John Thyng, another organizer on the campaign, says candidates often try to ignore that one voter who come out to ask about the same issue at every event, but with their campaign “it was different faces, it wasn’t… some of these campaigns they would see the same person over and over again.”
A lot of these campaigns are using the same tactics as the ‘I’m a Healthcare Voter’ campaign. But as the number of groups asking questions like these starts to proliferate, can they break through the noise?

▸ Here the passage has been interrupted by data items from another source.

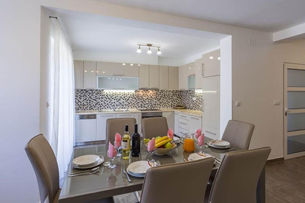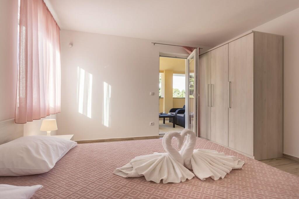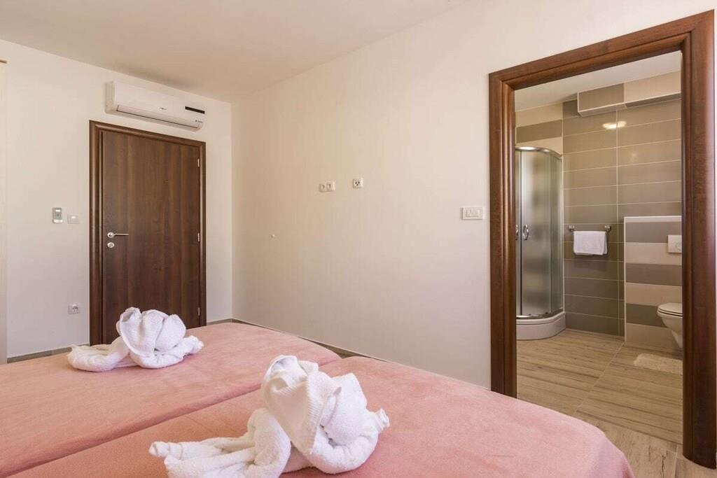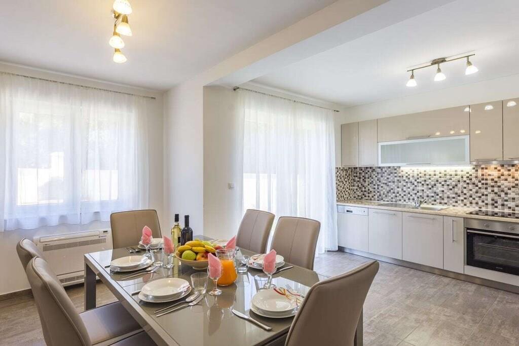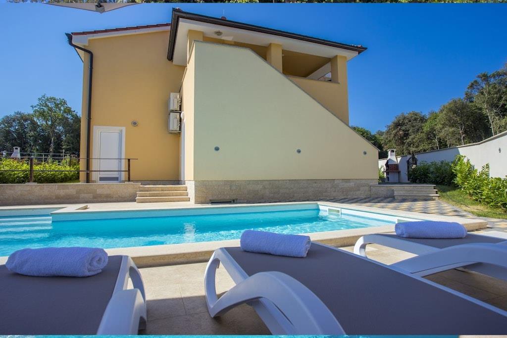 Dieses schöne geräumige und erfrischende Ferienhaus in herrlicher Lage bietet Ihnen einen schönen Urlaub, es bietet Privatsphäre, Ruhe und einen unvergesslichen Aufenthalt. Das Haus hat 2 Etagen. Im Erdgeschoss ist der Ruhebereich mit Wohnzimmer, geräumige Küche, ein großes Schlafzimmer mit Bad, Ausgang auf der Terrasse und Ausgang zum Pool. Auf der ersten Etage befinden sich 3 Schlafzimmer, jedes mit eigenem Badezimmer. Zwei dieser Zimmer haben einen eigenen Ausgang auf dem Balkon, wo Sie einen kleinen Tisch haben, wo Sie Kaffee trinken und die Sonne genießen können, von wo aus Sie direkt zum großen Swimmingpool gehen können, wo es Liegestühle und eine große Liegewiese gibt.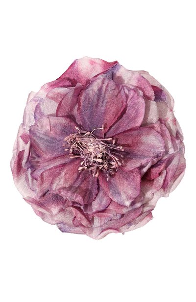 Крупная сиреневая брошь сделает женственнее даже самый лаконичный образ. Для изготовления модели мастера марки использовали шелковистый текстиль: каждый лепесток вырезали и окрасили вручную, создав плавные переходы оттенков. Аксессуар закрепили на основании, стилизованном под старинную серебряную монету с рельефным гербом.
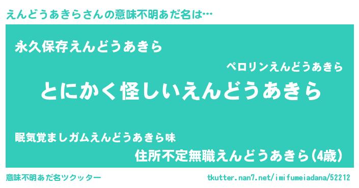 | 可愛いあだ名 | 『えっんぃー』『えんどうあきらママ』 |

Redlawsk said candidates are starting to get savvier about filtering the questions they are taking at big public events to suit their existing platforms. He thinks these days a quieter approach might be more effective.
“Virtually any candidate will talk to you right now, closed door in particular because they want to hear from you, but they hope to get you to say nice things about them," Redlawsk said. "That approach is going to be a heck of a lot more effective than a bunch of people standing around in T-shirts asking potentially hostile questions to get attention."
And lo-and-behold: There are groups doing just that in New Hampshire this year.
A bipartisan group of local luminaries, called Our Kids New Hampshire, has been meeting privately with presidential candidates. The group is worried about the opportunity gap –the way race, wealth, and background combine to perpetuate inequities for certain kids.
In stark contrast to the rabble-rousers at campaign town halls (such as representatives of the Stamp Stampede, who played the accordion and handed out stickers from the back of a bicycle at Bernie Sanders’ campaign events last week) members of the board of Our Kids declined to discuss on tape how the meetings have been going.
But as the cottage industry of issue campaigns continues to blossom in New Hampshire, there’s likely room for every strategic approach.